Authors: LI, GENQIAO - Oklahoma State University; WANG, YING - Oklahoma State University; Chen, Ming-Shun; Edae, Erena; POLAND, JESSE - Kansas State University; AKHUNOV, EDWARD - Kansas State University; Chao, Shiaoman; Bai, Guihua; CARVER, BRETT - Oklahoma State University; YAN, LIULING - Oklahoma State University

Submitted to: BMC Genomics
Publication Type: Peer Reviewed Journal
Publication Acceptance Date: 1/29/2015
Publication Date: 2/21/2015
Publication URL: http://www.biomedcentral.com/content/pdf/s12864-015-1297-7.pdf
Citation: Li, G., Wang, Y., Chen, M., Edae, E.A., Poland, J.A., Akhunov, E., Chao, S., Bai, G., Carver, B.F., Yan, L. 2015. Precisely mapping a major gene conferring resistance to Hessian fly in bread wheat using genotyping-by-sequencing. Biomed Central (BMC) Genomics. 16:108. doi:10.1186/s12864-015-1297-7.

Interpretive Summary: The Hessian fly Mayetiola destructor is one of the most destructive pests of wheat. The insect pest is mainly controlled by developing resistant cultivars. However, the resistance conferred by specific resistance genes is often short-lived, lasting for only 6-8 years. A better understanding of the mechanisms that lead to wheat resistance to Hessian fly is needed in order to improve durability of wheat resistance. In this study, we mapped one Hessian fly resistance gene in wheat to a small chromosome region by genotyping-by-sequencing. This work provides a basis for the eventual cloning of this resistance gene.
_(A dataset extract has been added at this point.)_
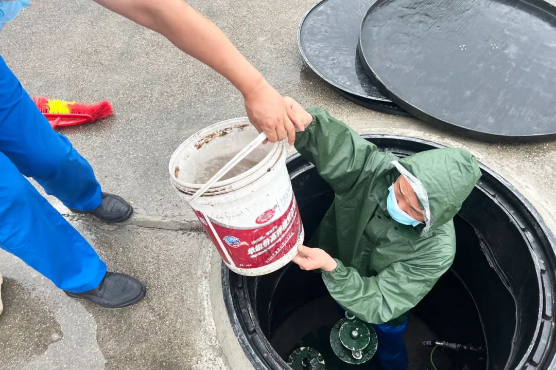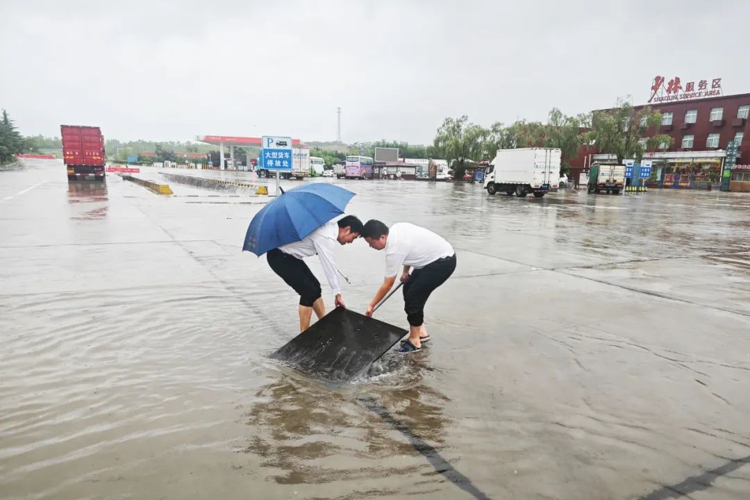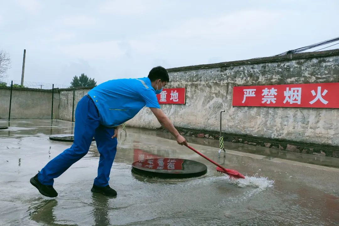 三門峽服務區加油站員工及時清理罐區操作井積水

Technical Abstract: Background One of the reasons hard red winter wheat cultivar ‘Duster’ (PI 644016) is widely grown in the southern Great Plains is that it confers a consistently high level of resistance to biotype GP of Hessian fly (Hf). However, little is known about the genetic mechanism underlying Hf resistance in Duster. This study aimed to unravel complex structures of the Hf region on chromosome 1AS in wheat by using genotyping-by-sequencing (GBS) markers and single nucleotide polymorphism (SNP) markers. Results Doubled haploid (DH) lines generated from a cross between two winter wheat cultivars, ‘Duster’ and ‘Billings’', were used to identify genes in Duster responsible for effective and consistent resistance to Hf. Segregation in reaction of the 282 DH lines to Hf biotype GP fit a one-gene model. The DH population was genotyped using 2,358 markers developed using the GBS approach. A major QTL, explaining 88% of the total phenotypic variation, was mapped to a chromosome region that spanned 178 cM and contained 205 GBS markers plus 1 SSR marker and 1 gene marker, with 0.86 cM per marker in genetic distance. The analyses of GBS marker sequences and further mapping of SSR and gene markers enabled location of the QTL-containing linkage group on the short arm of chromosome 1A. Comparative mapping of the common markers for the gene for QHf.osu-1Ad in Duster and the Hf-resistance gene for QHf.osu-1A74 in cultivar ‘2174’ showed that the two Hf resistance genes are located on the same chromosome arm 1AS, only 11.2 cM apart in genetic distance. The gene at QHf.osu-1Ad in Duster has been delimited within a 2.7 cM region. Conclusion Two distinct resistance genes exist on the short arm of chromosome 1A as found in the two hard red winter cultivars, 2174 and Duster. Whereas the Hf resistance gene in 2174 is likely allelic to one or more of the previously mapped resistance genes (H9, H10, H11, H16, or H17) in wheat, the gene in Duster is novel and confers a more consistent phenotype than 2174 in response to biotype GP infestation in controlled-environment assays.